NHS Wakefield District and Wakefield Council's Joint Public Health Unit piloted an asset and co-production approach as part of the programme reviewing their Joint Strategic Needs Assessment (JSNA).
At a time of ongoing pressure on council and wider public sector finances, it is important that commissioners and providers look at all available local assets. This can help to:
- Reduce the impact of reduced budgets, avoid too many of the same kinds of services being delivered in one area and not enough in another,
- Open up new opportunities for people and keep people who use services and their communities at the heart of those services.
The asset mapping work conducted used a range of methods to talk to people in the local community including a world café event, digital photography, face to face conversations and discussions in local groups.
All of the conversations focused on five questions:
- What makes us a strong community?
- What do we do as a community to make people feel better?
- What makes this a good place to be?
- What factors help us cope in times of stress?
- What makes us healthy in mind, body and spirit as a community?
Commissioners put the information that they found out about assets with the information from the Joint Strategic Needs Assessment. This has been used to make sure that, in the future, commissioning builds or strengthens existing community assets.
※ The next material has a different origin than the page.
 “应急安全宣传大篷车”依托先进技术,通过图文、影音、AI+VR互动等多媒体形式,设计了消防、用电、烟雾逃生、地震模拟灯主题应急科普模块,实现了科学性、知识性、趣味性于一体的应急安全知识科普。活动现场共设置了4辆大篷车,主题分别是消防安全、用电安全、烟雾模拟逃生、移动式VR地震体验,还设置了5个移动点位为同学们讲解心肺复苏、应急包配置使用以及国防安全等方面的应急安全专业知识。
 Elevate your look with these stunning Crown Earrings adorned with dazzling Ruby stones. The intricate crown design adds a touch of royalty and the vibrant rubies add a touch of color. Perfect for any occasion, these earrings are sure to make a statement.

They found that a Joint Strategic Needs Assessment process that gathers information about both assets and needs works well together with a model of support that is based on assets and co-production.
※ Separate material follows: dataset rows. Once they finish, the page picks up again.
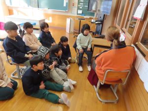 2月4日は読み聞かせボランティアさんによるお話広場(低学年)がありました。節分にちなんだお話など様々な本を読んでいただきました。思わず「えぇー!」と身を乗り出すような場面もあり、とても楽しい時間となりました。
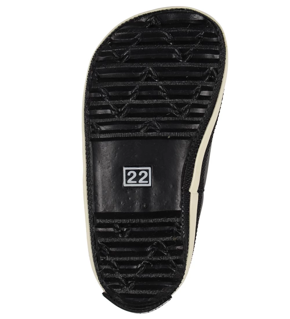 Lækre Bundgaard gummistøvler i sort med elastik i skaftet. Fortil og på hælerne er der et mærke med navnet “Bundgaard” i hvid, og hele vejen rundt langs sålerne er der en smal, hvid stribe.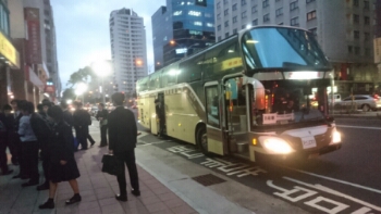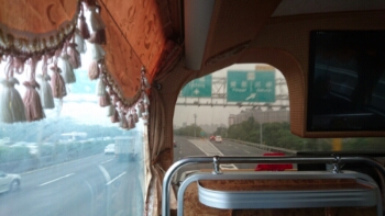 士林夜市の自由散策も終わり、ホテルに帰っている車内です。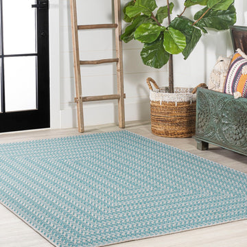 Add modern style to your mid-century bungalow, beach cottage or farmhouse with our unique geometric rug. This durable low pile rug features concentric squares woven in a graphic chevron pattern. This pet-friendly rug will add punch to your living room, dining room, bedroom, or porch.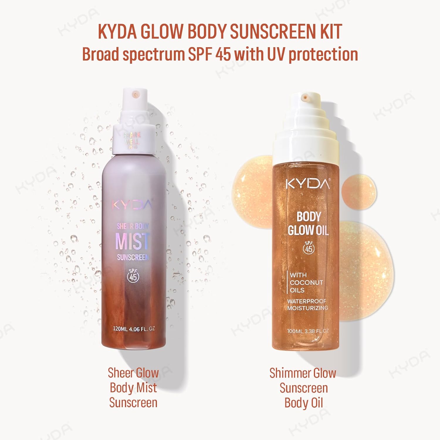 KYDA Glow Sunscreen Kit, Includes SPF 45 Body Glow Oil + Sheer Body Sunscreen Spray, Summer Beach Essentials Gift Set, Water Resistant, Moisturizing, ROSE(AMBER)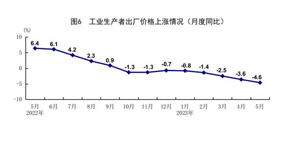 5月份,全国工业生产者出厂价格同比下降4.6%,环比下降0.9%。全国工业生产者购进价格同比下降5.3%,环比下降1.1%。1-5月份,全国工业生产者出厂价格和购进价格同比分别下降2.6%和2.3%。

This "richer picture" provides "opportunities to develop a different commissioning framework, one which enables co-production working and builds and strengthens community assets to best address 'needs'".
Commissioners found that using an asset-based approach was "empowering" for communities and "their active participation in a more positive process which emphasised the talents, strengths and resiliencies within the community was clearly extremely rewarding". They also said that in areas where life is harder and assets are fewer, ways to engage and involve communities will be needed that gather information about both assets and needs.